The distant hollow rings of a bell break the cone of somewhat silence and I realize that the noise coming from the bedroom has been muted. In its place are the resounding paroxysmal sounds of a cowbell. The mother releases a loud and frustrating sigh and makes her way towards the room not bothering to excuse herself. Upon opening the door, a billowing cloud of smoke rushes forth making my eyes water and throat itch. I cover a cough. The television unmutes and mutes again along with an irritated tone from the mother. What she says, I don’t know and I’m not sure I wanna. She stomps from the room slamming the door returning to the loveseat with another indignant audible discharge of air.

“I try not to lose my patience, but it’s so hard. I have no help…” She continues describing her compassion fatigue in the most distinct details.

The toxicity of this place is stifling. I smell it in the air and taste it on my tongue. Synapses spark with memories long forgotten tightening my gut and shortening my breath. I want to leave—I need to leave.
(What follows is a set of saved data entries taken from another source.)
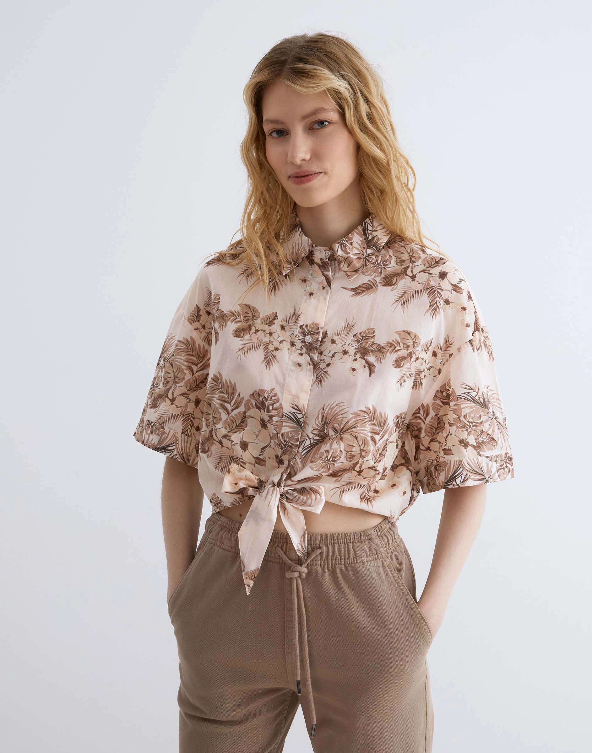 Укороченная рубашка с принтом и узлом Gwt004925-2
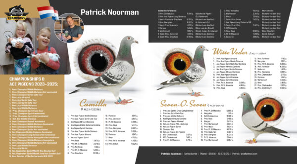 Een exclusieve selectie van slechts 7 duiven uit Patricks absolute topduiven, afkomstig uit zijn supersterren zoals “Seven-O-Seven”, “Witte Veder”, “Maan”, “Renox”, “Camilla” en meer.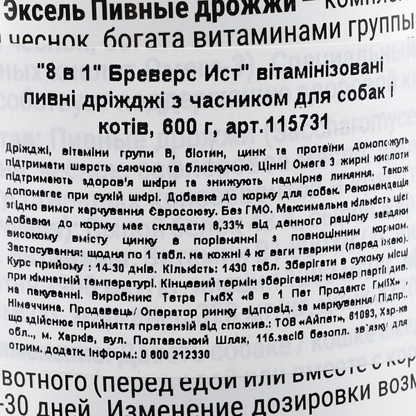 Витамины для собак и котов 8in1 Excel Brewers Yeast пивные дрожжи с чесноком для кожи и шерсти 260 штВитамины для собак и котов 8in1 Excel Brewers Yeast пивные дрожжи с чесноком для кожи и шерсти 260 шт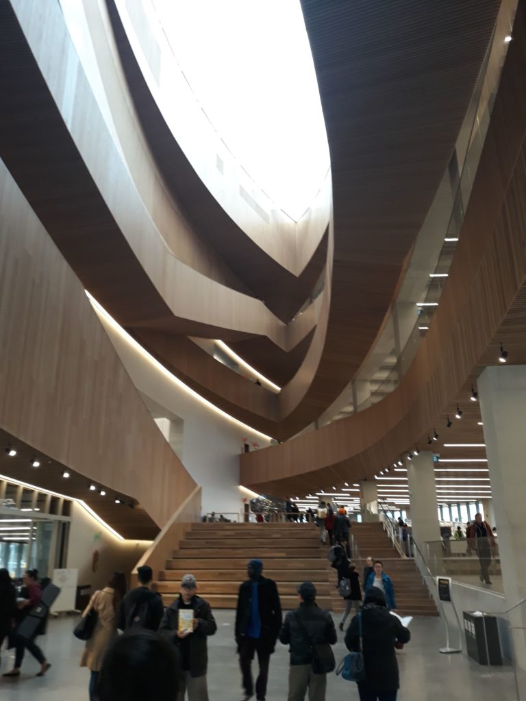 Una facciata dinamica a tripli vetri composta da un modello modulare esagonale e da un ampio arco rivestito con legno di cedro rosso occidentale proveniente dalla vicina Columbia Britannica: dall’aggregazione degli esagoni emergono forme che richiamano alla mente quelle di un libro aperto o di un fiocco di neve, una sorta di vocabolario visivo che continua all’interno dell’edificio, dove si possono ammirare robuste doghe in legno che salgono a spirale fino a 30 metri di altezza, delimitando il perimetro dell’atrio aperto a forma di ellisse.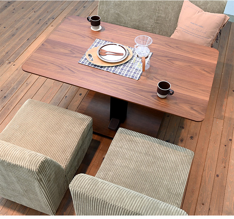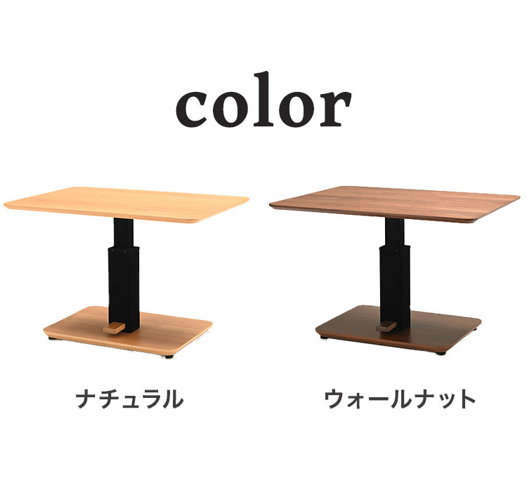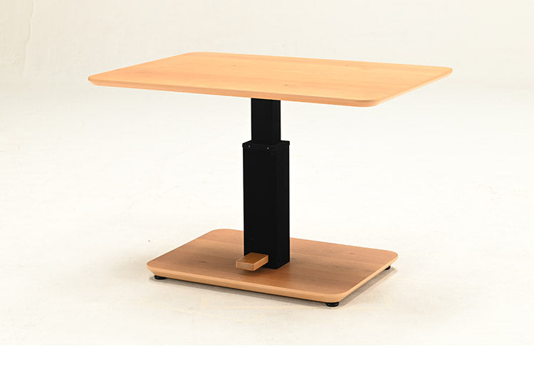 ペダルを踏むだけで、高さ調節が出来、ダイニング使いはもちろん、低くすればリビングテーブル使いとしても活躍します。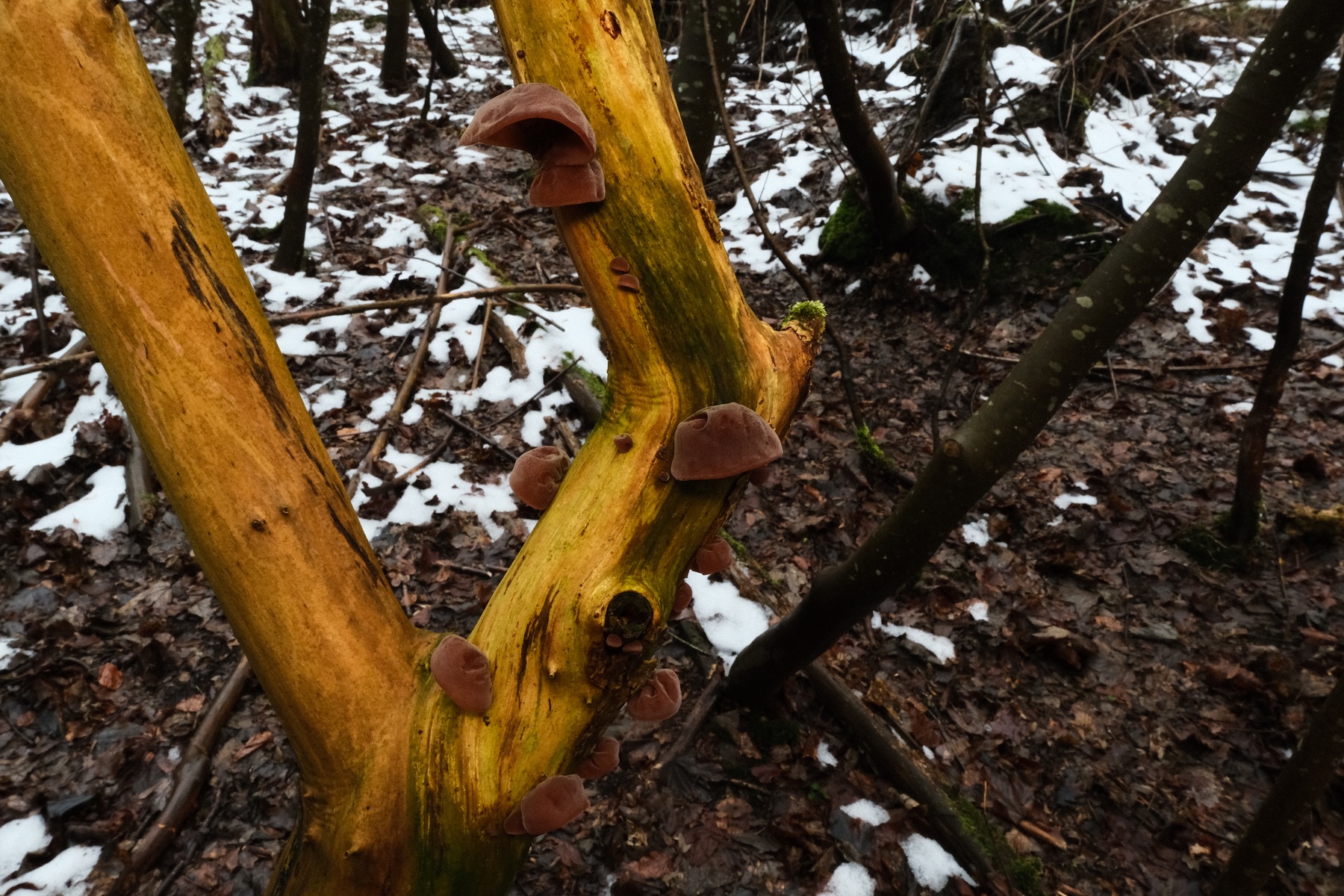 Durch den getauten Schnee und die ca. 10 Liter Regen ist noch alles nass, sodass die Bedingungen für ein paar Winterpilze am WE passen sollten.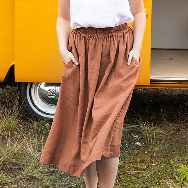 Women’s Skirt A Line Midi Linen Navy Blue Brown Beige Skirts Summer Basic Casual Casual Daily Weekend One-Size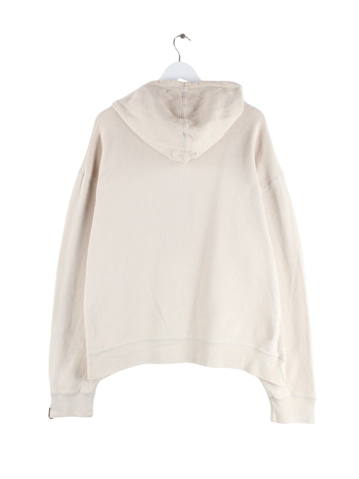 Hoodie der Marke Timberland mit Zip in Größe L. Er ist aus einer Baumwollmischung produziert und in Beige im Bestand.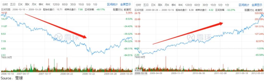 彼時(shí)遭遇經(jīng)營危機(jī)的星巴克,股價(jià)回撤探底持續(xù)了近兩年,從接近16美元,跌到了3.5美元,跌幅近80%。但2009年危機(jī)過后,股價(jià)一路上揚(yáng),到2013年小幅回撤前,漲了近7倍。

Impressions of my childhood suffocate me and I feel the pressure of a long-forgotten time take my breath. The stained mirror of my past closes in around me. I hone in on the memories and trample them with contempt, destroying them, hopefully never to return, knowing they will eventually leak from lingering infected wounds.

I interrupt her non-stop narcissistic self-recriminations: “I’ll take it. I’ll take care of her and everything. I’ll have a truck here within the week and please don’t worry about her. I’ll take care of her. I’ll send someone by with papers for you to sign and to pick it all up.”

The mother looks at me with a saint-like relief. “I want—she wanted her body donated to science or cremated—no service. She’s not like me or the rest of our family. She was … different. I believe in God—she didn’t, but she had a good heart and she cared about black people and Muslims and gay people. She fought for them. Especially for women. I don’t believe she’s here anymore. I think she’s moved on. The Lord will take care of her,” and more of that odd phony plastic laughter that bounces loudly and awkwardly off the laminate wood flooring.

It’s as though she laughs purposely knowing it’s one of the most grating sounds she can produce. It is her pièce de résistance, her culmination of a life unlived, her rebellious and petulant fuck you to an otherwise indifferent world. The monotonous drone is her trademark born of heartache and blood and diffidence. It made me wince each time it landed. It smothered me with angst. It struck me with artifice gone awry.

It was an odious sound.

I’m dubious of her claims and those of the local medical professionals and willing to explore other options. I have other plans for the unconscious woman beside the road.